Extracted information:
● ● ● ● ●

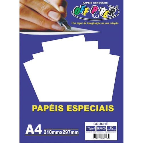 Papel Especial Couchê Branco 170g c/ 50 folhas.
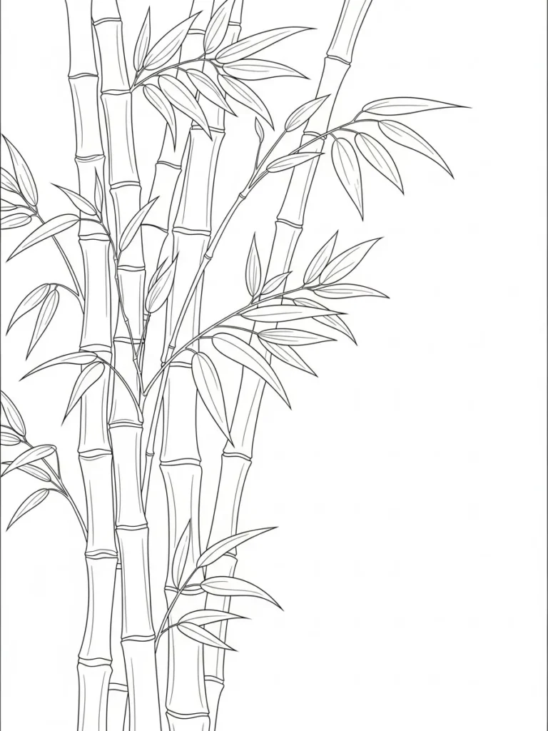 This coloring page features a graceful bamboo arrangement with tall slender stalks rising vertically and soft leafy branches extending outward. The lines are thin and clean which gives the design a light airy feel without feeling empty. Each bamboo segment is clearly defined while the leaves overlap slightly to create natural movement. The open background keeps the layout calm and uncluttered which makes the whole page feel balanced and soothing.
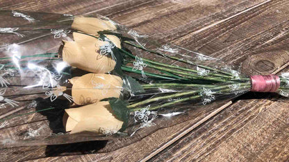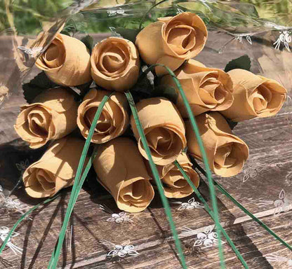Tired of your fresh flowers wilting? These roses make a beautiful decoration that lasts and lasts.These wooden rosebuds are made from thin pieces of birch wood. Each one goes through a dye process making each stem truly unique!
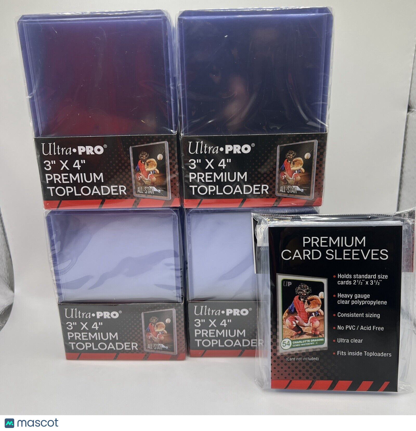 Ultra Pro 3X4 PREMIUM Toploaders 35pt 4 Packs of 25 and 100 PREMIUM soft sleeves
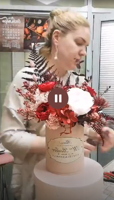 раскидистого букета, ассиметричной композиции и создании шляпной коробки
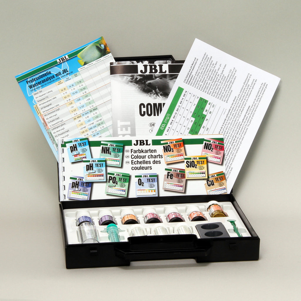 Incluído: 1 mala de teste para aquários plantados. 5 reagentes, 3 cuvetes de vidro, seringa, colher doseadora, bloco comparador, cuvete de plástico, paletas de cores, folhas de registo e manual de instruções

● ● ● ● ●

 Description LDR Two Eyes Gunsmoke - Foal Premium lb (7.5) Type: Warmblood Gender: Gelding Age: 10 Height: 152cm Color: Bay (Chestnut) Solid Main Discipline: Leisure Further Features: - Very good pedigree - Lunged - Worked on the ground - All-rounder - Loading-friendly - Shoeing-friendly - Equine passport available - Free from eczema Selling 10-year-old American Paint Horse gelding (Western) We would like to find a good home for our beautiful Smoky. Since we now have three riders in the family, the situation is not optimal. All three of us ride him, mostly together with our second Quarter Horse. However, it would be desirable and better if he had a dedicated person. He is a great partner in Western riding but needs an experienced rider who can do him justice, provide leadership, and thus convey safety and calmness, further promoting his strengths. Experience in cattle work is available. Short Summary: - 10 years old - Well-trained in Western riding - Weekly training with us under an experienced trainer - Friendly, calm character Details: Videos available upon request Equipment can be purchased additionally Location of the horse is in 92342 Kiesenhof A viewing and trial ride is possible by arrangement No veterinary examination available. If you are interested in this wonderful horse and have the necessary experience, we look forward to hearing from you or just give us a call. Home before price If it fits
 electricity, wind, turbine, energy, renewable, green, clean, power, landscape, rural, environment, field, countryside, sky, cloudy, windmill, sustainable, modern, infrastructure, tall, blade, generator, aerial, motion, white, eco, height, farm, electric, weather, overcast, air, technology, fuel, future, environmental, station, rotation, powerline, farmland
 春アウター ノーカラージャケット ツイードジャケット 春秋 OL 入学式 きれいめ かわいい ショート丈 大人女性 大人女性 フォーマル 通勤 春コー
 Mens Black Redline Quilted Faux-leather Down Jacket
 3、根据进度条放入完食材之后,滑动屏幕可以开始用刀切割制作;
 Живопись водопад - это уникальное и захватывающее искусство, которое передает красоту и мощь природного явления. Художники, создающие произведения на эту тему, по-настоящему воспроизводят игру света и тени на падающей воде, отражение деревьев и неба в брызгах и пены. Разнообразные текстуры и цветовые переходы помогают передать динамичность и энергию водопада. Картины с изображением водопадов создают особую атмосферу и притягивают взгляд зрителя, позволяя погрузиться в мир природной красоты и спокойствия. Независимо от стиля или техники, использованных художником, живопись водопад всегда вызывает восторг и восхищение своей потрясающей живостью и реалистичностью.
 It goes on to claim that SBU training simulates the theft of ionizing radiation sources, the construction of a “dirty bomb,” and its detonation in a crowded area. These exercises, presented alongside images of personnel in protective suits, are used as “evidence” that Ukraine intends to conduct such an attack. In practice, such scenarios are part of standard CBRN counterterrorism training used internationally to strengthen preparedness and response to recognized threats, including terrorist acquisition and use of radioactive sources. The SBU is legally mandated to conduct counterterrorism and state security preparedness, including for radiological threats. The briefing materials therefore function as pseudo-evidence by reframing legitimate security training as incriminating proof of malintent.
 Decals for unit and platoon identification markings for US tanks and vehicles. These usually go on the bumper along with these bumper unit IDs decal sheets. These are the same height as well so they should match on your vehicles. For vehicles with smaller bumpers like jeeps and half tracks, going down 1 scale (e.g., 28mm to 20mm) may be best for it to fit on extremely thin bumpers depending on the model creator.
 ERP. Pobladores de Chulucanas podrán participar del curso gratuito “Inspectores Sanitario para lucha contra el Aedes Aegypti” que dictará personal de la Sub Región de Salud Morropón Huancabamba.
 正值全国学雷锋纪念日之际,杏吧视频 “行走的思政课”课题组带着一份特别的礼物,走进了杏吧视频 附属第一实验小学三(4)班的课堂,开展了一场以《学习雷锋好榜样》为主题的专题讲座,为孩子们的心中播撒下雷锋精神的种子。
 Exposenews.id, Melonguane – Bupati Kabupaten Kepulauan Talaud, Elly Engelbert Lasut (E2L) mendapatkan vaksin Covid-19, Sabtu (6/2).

● ● ● ● ●

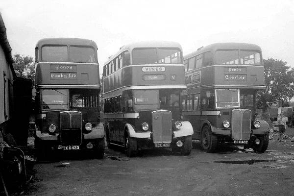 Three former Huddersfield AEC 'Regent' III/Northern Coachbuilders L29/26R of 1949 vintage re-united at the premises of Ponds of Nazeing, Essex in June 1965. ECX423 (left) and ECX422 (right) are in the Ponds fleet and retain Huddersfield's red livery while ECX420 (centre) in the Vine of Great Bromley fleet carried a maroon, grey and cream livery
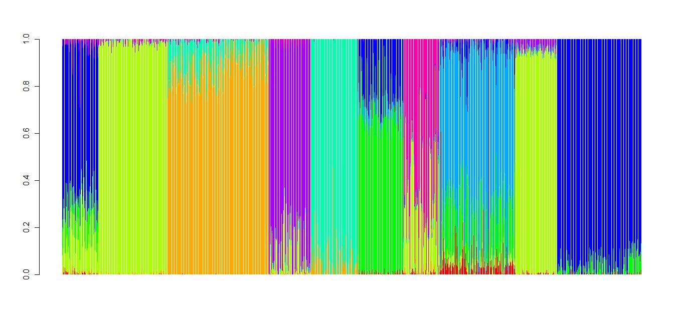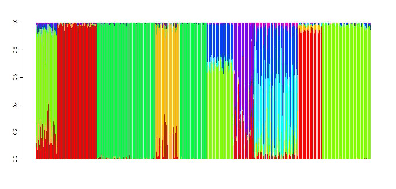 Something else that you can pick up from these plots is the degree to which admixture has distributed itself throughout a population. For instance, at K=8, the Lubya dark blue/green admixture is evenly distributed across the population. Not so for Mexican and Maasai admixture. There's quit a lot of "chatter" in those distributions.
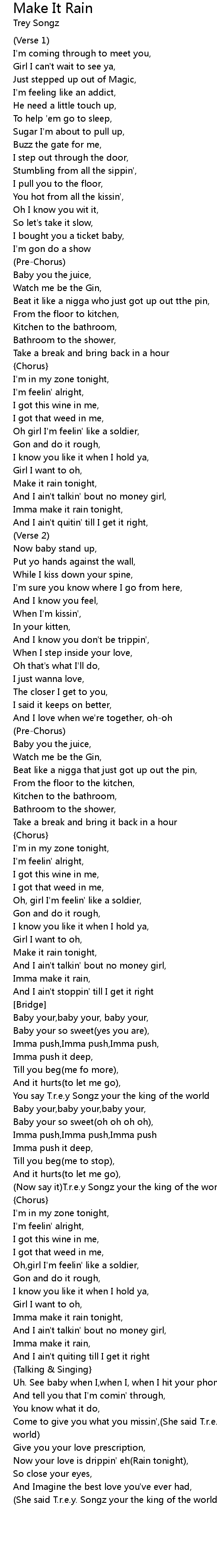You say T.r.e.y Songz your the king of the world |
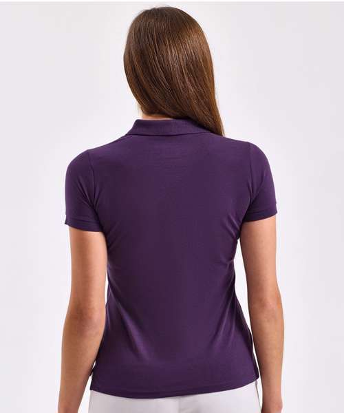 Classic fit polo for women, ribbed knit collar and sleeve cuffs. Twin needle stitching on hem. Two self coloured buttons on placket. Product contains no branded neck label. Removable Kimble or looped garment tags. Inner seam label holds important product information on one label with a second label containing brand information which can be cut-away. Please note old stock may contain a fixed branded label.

● ● ● ● ●

Exercise:
Copy only the lines above from the one containing "Papel Especial Couchê" through the one containing "This coloring page", both included. Leave out the pictures.

Task result:
 Papel Especial Couchê Branco 170g c/ 50 folhas.
 This coloring page features a graceful bamboo arrangement with tall slender stalks rising vertically and soft leafy branches extending outward. The lines are thin and clean which gives the design a light airy feel without feeling empty. Each bamboo segment is clearly defined while the leaves overlap slightly to create natural movement. The open background keeps the layout calm and uncluttered which makes the whole page feel balanced and soothing.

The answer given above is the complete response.